Everything always needs moar fwagglechop!

So about a decade late to the party, I’ve decided to give this Blogger thing a shot.

Why? It’s a pretty long and uninteresting story, full of self-reflection, and I think well suited for a first post. Initially, I loathed Wordpress. Like all “good” PHP kids, I rolled my own CMSes, eventually winding up with some C-powered monstrosity built using qDecoder libraries abstracted by my own filthy API to make things easier on myself. I won’t lie to you, it hauled ass. The XML-based parser I built out allowed me to easily and stylishly render HTML pages, text files (as though someone had hand-formatted everything like a good “zine” editor) and even PDF files. The pages came back in fractions of a second and life was grand, particularly because extra care was taken when speaking to PostgreSQL - I simply scoffed at all the people getting owned running Wordpress, MovableType, etc.
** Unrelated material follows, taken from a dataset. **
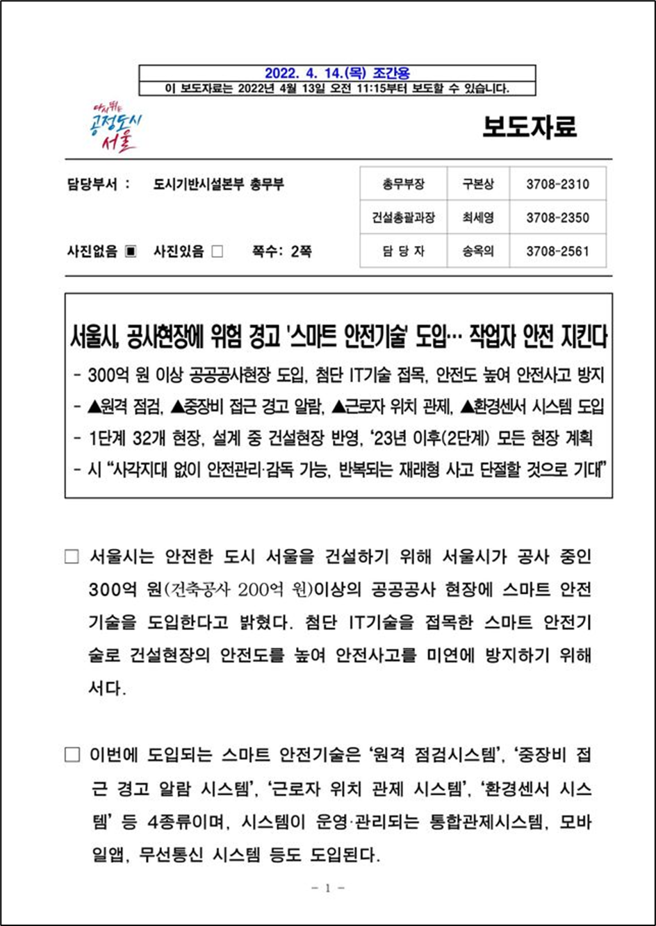 - 300억 원 이상 공공공사현장 도입, 첨단 IT기술 접목, 안전도 높여 안전사고 방지
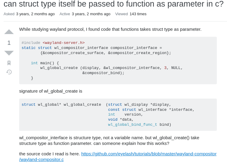 | Note if (!wl_global_create(ec->wl_display, &wl_compositor_interface, 4, ec, compositor_bind)) goto fail; 위 코드에서 "wl_compositor_interface" 때문에 한동안 코드 독해에 고생하였다. 왜냐하면 libweston/compositor.c에 다음 선언이 있기 때문이다. static const struct wl_compositor_interface compositor_interface = { compositor_create_surface, compositor_create_region }; 마치 struct의 이름을 '&' 참조를 통해 함수에 인자로 전달한 것 처럼 보이기 때문이다. C 언어에 익숙하다면, 해당 문법이 성립되지 않음을 알 수 있다. 위 구문이 당황스러웠던 것은 나 뿐만이 아니었던 것 같다. Stackoverflow에 보면 비슷한 질문이 올라와 있다. ![]() (출처: stackoverflow.com/questions/44101813/can-struct-type-itself-be-passed-to-function-as-parameter-in-c) 어떻게 된 일일까?사실 wl_compositor_interface은 wayland_protocol.h 헤더에서 struct wl_interface 형으로 선언되어 있다. 즉 wl_global_create에 전달된 wl_compositor_interface는 어떤 구조체의 이름이 아니라, 단순히 wayland_protocol.h에 정의된 struct wl_interface형 변수였던 것이다 ![]() |

Fast forward a few years and well… Wordpress and MT actually started rolling into reasonable products, but I stuck to my guns and kept doing my own thing. Eventually, the upkeep became too much and my sites floundered.  I started playing with Wordpress, and I actually liked where the project was heading. It hadn’t had too many security issues as of late either (a few small ones, nothing major). I switched Hungry Hacker over to WP, and slowly began putting back articles (an arduous process I am still nowhere near finished with).

Sometime around this period, we started picking up the odd web hosting client purely by word of mouth, and a little while later Sabrienix was born. We picked up a good few web hosting clients - we weren’t getting rich, but the company was ramen profitable and we spent some money building out more powerful machines. We went from a humble Pentium4 powered machine at Burstnet to a couple of nice Core2Quad based machines at a couple different DCs.

We were pretty decent at it too - Hungry Hacker is powered by Wordpress on Apache, with Nginx as a proxy in front of it with some custom voodoo to cache things and keep the load on the server low. It can take a whipping, it spits out pages quite fast and overall I’m pretty proud of it.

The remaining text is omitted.